_Work item_
Exact copy, pictures excluded: the lines from the one containing "- Шкаф 3-х дверный" to the end of the listing.

_Given data_
:::::

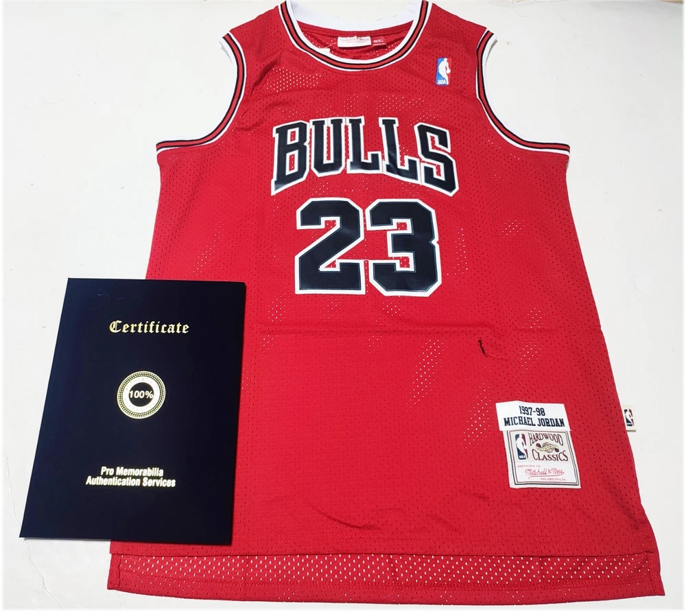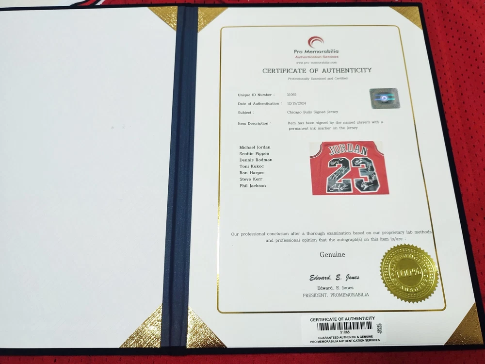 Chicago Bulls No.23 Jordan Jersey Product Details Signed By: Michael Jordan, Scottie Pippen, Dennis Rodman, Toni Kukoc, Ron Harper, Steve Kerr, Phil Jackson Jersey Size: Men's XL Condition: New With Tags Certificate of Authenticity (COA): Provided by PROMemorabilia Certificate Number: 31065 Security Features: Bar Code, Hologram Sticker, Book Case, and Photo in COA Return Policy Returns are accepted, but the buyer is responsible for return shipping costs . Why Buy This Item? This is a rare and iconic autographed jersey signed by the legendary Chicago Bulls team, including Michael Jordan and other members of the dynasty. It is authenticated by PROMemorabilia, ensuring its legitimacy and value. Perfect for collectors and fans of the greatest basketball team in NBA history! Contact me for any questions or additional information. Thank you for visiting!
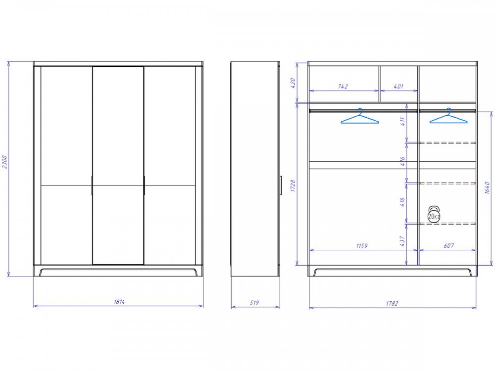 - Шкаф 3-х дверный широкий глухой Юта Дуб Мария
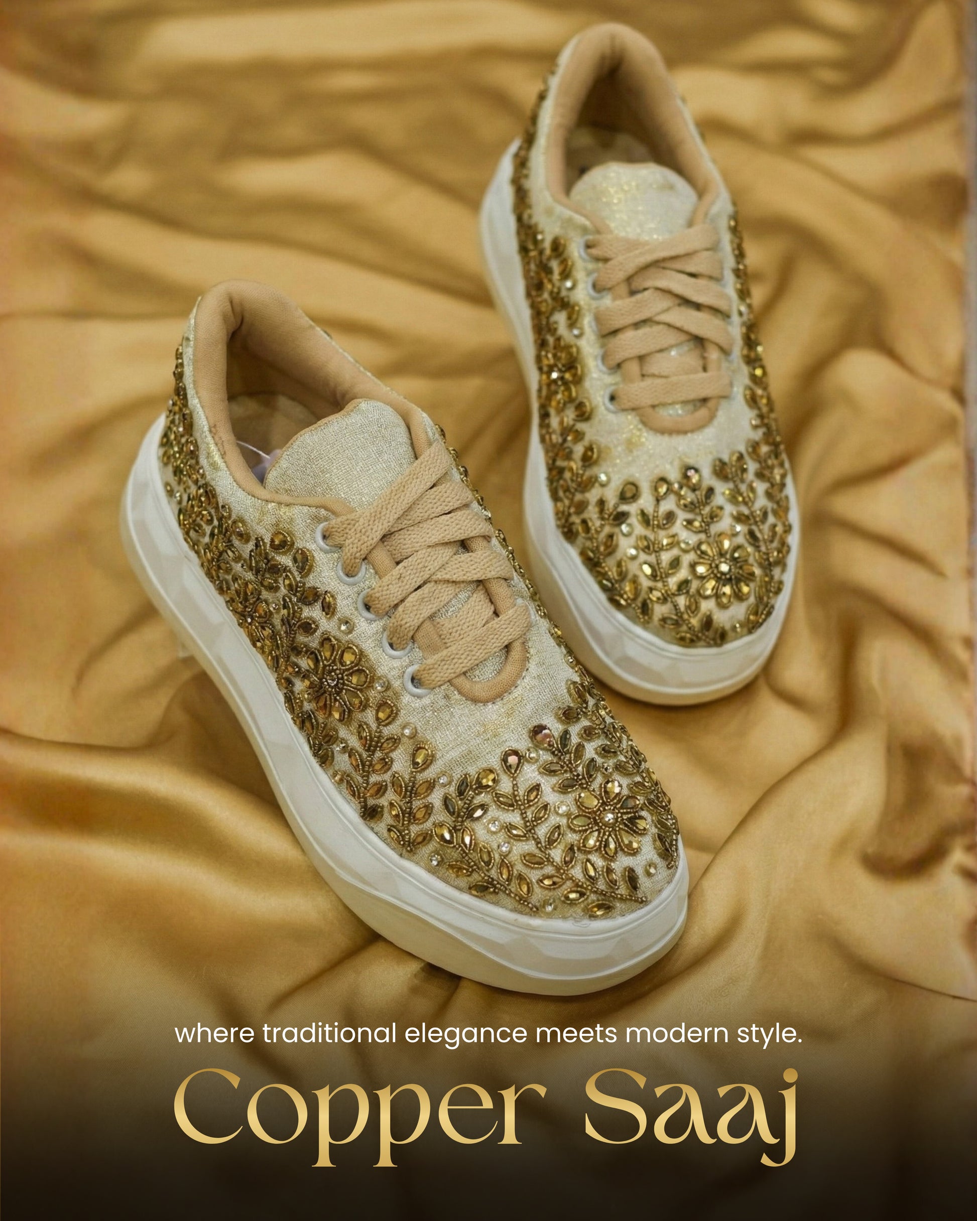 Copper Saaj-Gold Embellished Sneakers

:::::

_Response to the task_
 - Шкаф 3-х дверный широкий глухой Юта Дуб Мария
 Copper Saaj-Gold Embellished Sneakers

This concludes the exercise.